Extended Data Fig. 4: Aerosol formation from pure IP_0N products and mixture of IP_0N, IP_1-2N and H₂SO₄.

Evolution of vapour concentrations (a,b), particle-nucleation rates at 1.7 nm, J_1.7 (c,d), and naturally charged particle number size distribution (dN/dlogD_p) and growth rates measured between 3.2 and 8.0 nm, GR_3.2-8 (nm h⁻¹) (e,f). The black lines in panel f depict the linear fits of 50% appearance time of particles between 3.2 and 8.0 nm. The results show that pure IP_0N aerosol formation is feasible and atmospheric ions can enhance the nucleation rate by a few times.

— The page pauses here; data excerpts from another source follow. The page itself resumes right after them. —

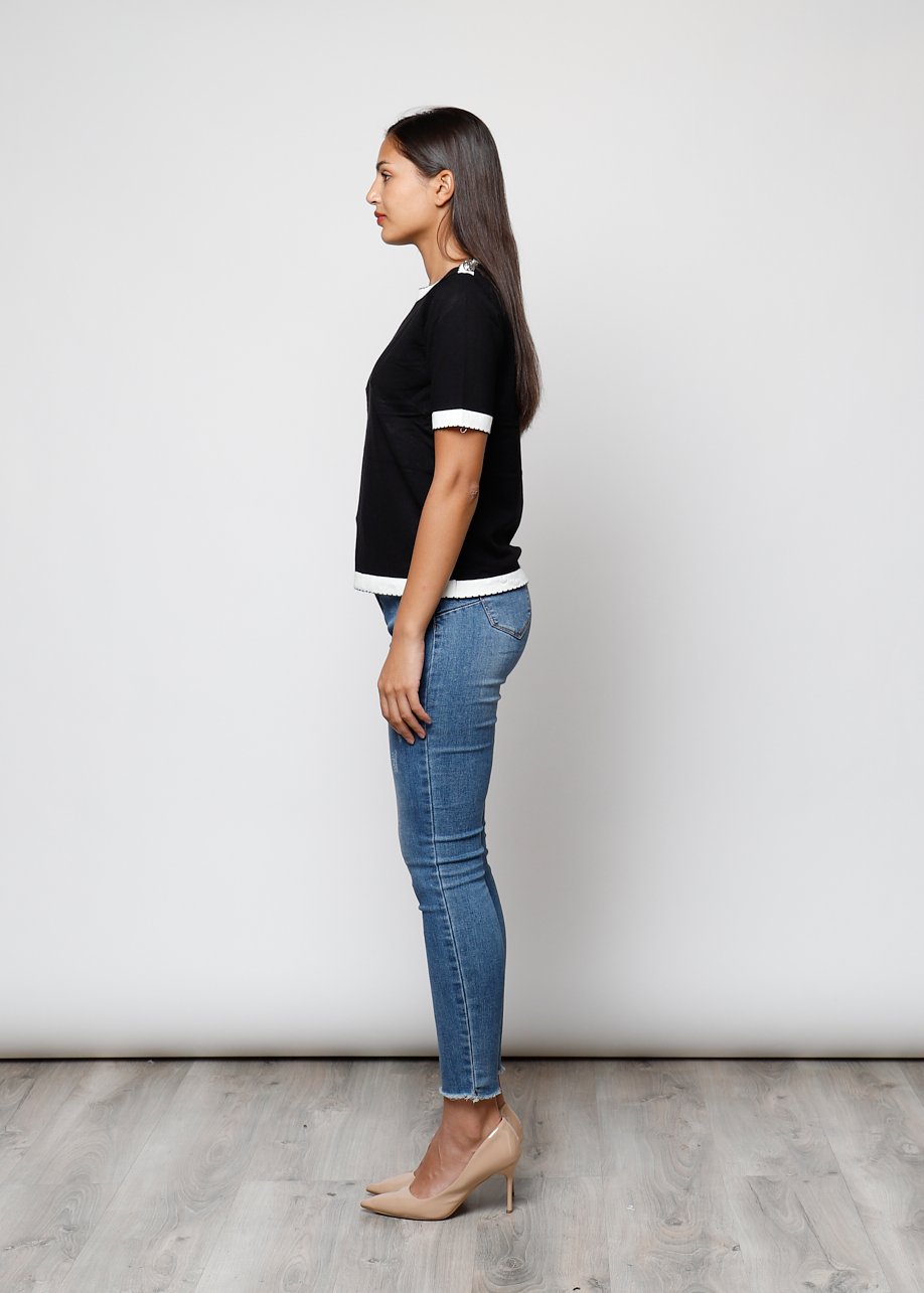 Blusa Loreto negra con toques blancos y botones joya en los hombros, una prenda casual elegante y versátil para cualquier ocasión.
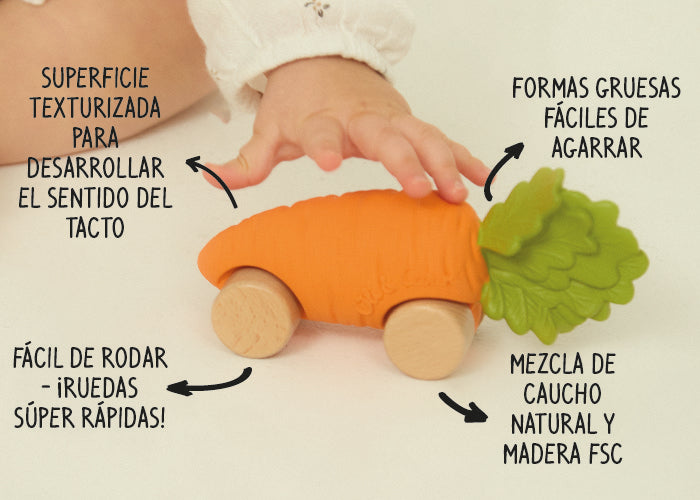 Los Green Cars de OLI&CAROL son una colección de coches de juguete para bebé con formas de frutas y verduras. Estos compañeros de juego imaginativo promueven una experiencia de juego sostenible y segura. Cada uno es único, pintados a mano con pigmentos naturales y fabricados con un 100% de caucho natural y y madera certificada FS, libre de plásticos o siliconas.
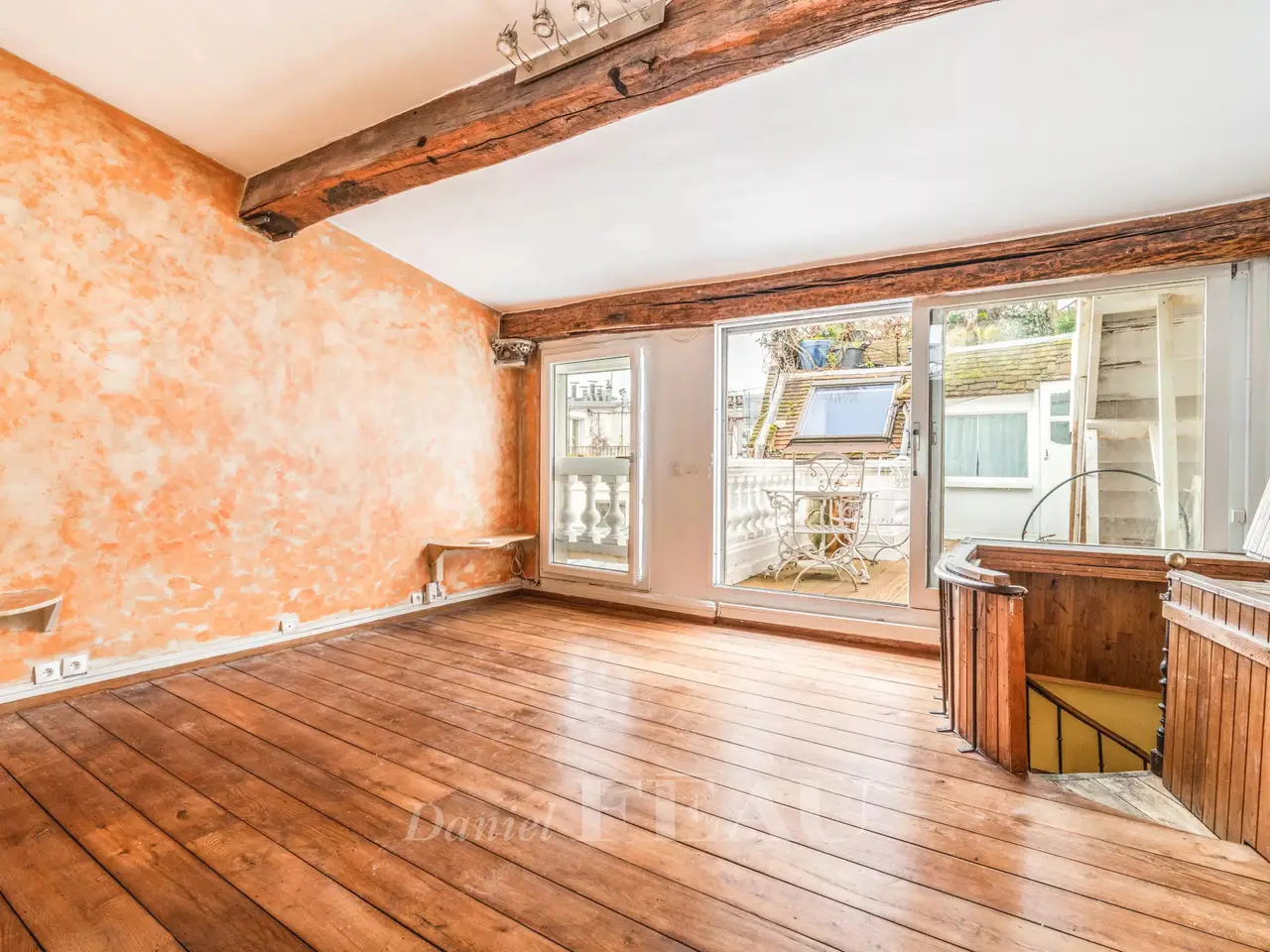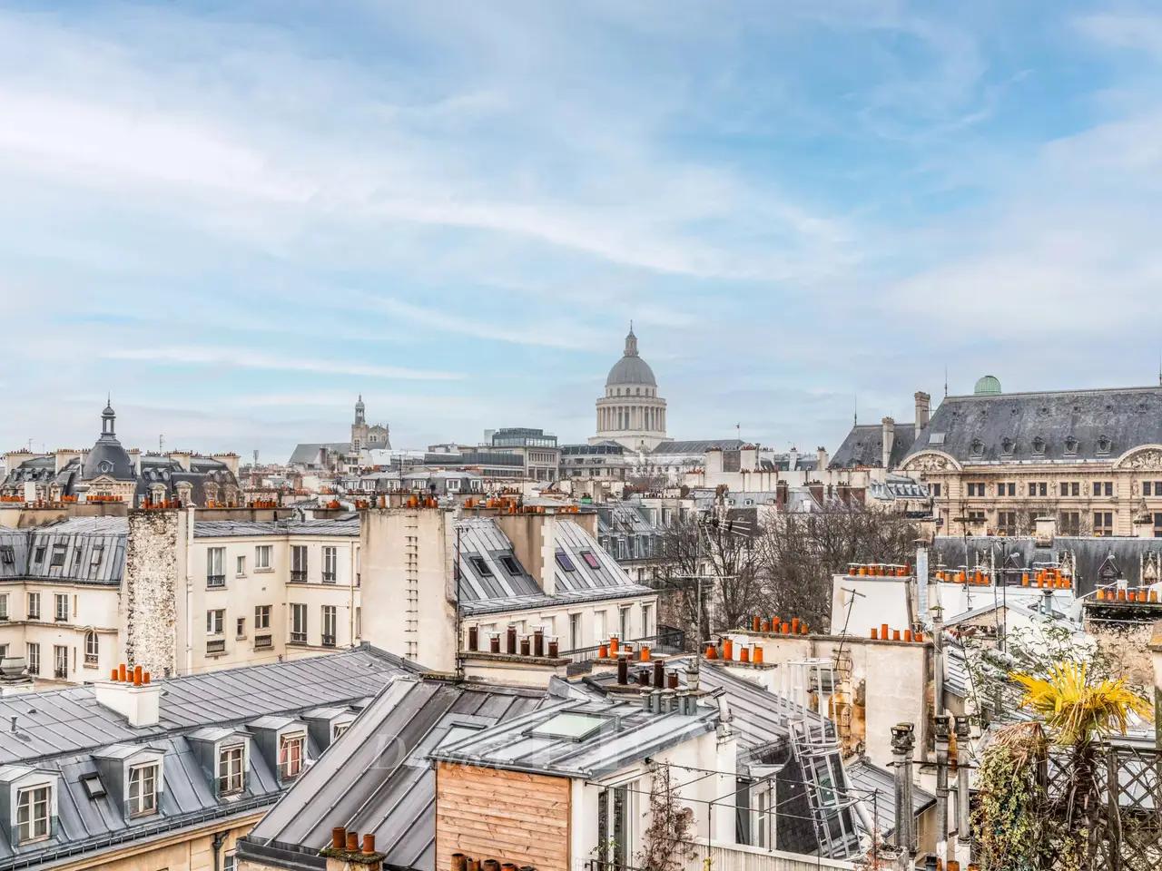 Between Notre Dame Cathedral and the Panthéon. This atypical apartment offering 118 sqm of bright and peaceful floor space and 108 sqm of living space as defined by the Carrez Law is on the 4th and top floor of a late 19th century building with a lift. Enjoying an open view over the rooftops, it includes a spacious living/reception room, a kitchen with dining facilities, a bedroom with a shower room, and a separate wc. Upstairs are two rooms including a master suite with a bathroom, both of which open onto a sunny terrace. A roof terrace commanding a panoramic view of the capital’s iconic landmarks is on the top floor. Henri IV catchment area.
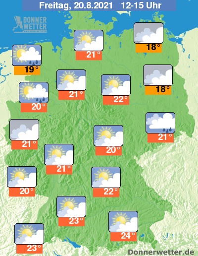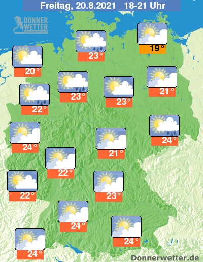 Heute Abend klingen letzte vereinzelte Schauer auch im Norden und Osten ab, dann ist es verbreitet heiter und es ziehen kaum noch dichtere Wolken durch. Die Temperatur liegt bei 19 Grad in Rostock und bis 24 Grad in München.
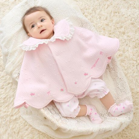 表面はバラの刺繍をあしらったメゾピアノオリジナルのリボン柄ふくれジャカード、裏面にボア生地を採用したリバーシブルで楽しめるベビーケープです。裾のスナップボタンを留めて腕を通すことで脱げにくく、着崩れ防止になります。他にもねんねのひざ掛けやおくるみとして、抱っこ紐の時のケープとしても使用が可能。あんよができるようになればマントとしても活躍するため、2歳半くらいまで長くご使用いただけます。ご自宅用はもちろんギフトにも喜ばれるアイテムです。バラ刺繍スカラップスタイ(品番:6253513)やバラ柄ソックス(品番:6253514)と組み合わせたギフトセットもおすすめです。
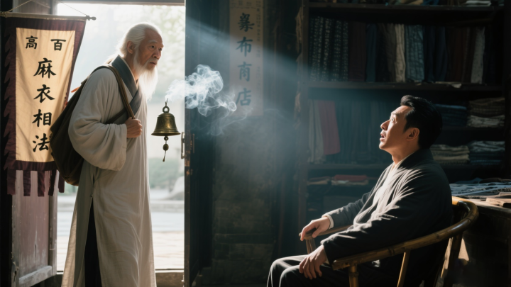 这日午后,他正坐在柜台后唉声叹气,忽听门口传来一阵铜铃声,抬头见是个背着布幡的外地道士,布幡上写着 “麻衣相法” 四个大字。

The addition of low concentrations of H₂SO₄ further enhances IP_0-2N nucleation by up to two orders of magnitude. The vertical dashed lines and labels indicate the start of a new stage in which the experimental conditions were adjusted. The dotted black curve in panel d shows the expected H₂SO₄–NH₃ nucleation rate, conservatively assuming that NH₃ is present at the 4 pptv limit of detection^44,93. Stages 1 and 3 are, respectively, under neutral (ion-free) and beam (ion-enhanced) conditions, whereas all of the other stages are under galactic cosmic ray (GCR; natural ion concentrations) conditions. The SO₂ concentration is increased in steps during stages 5–12. The experimental conditions for the right panels are: isoprene = 0.08–0.63 ppbv (2.4–20.0 × 10⁹ cm⁻³), O₃ = 189 ppbv (6 × 10¹² cm⁻³), OH = 2.4 × 10⁶ cm⁻³, HO₂ = 1.8 × 10⁸ cm⁻³, RH = 32% and temperature = −49 °C. The experimental conditions for the left panels are: isoprene = 0.05–0.50 ppbv (1.6–16.0 × 10⁹ cm⁻³), O₃ = 1.2 ppbv (3.8 × 10¹⁰ cm⁻³), SO₂ = 0–1.9 × 10⁸ cm⁻³, OH = 6 × 10⁷ cm⁻³, HO₂ = 1 × 10⁹ cm⁻³, NO = 0.12–0.81 ppbv, NO₂ = 0.57–0.84 ppbv, RH = 52% and temperature = −48 °C.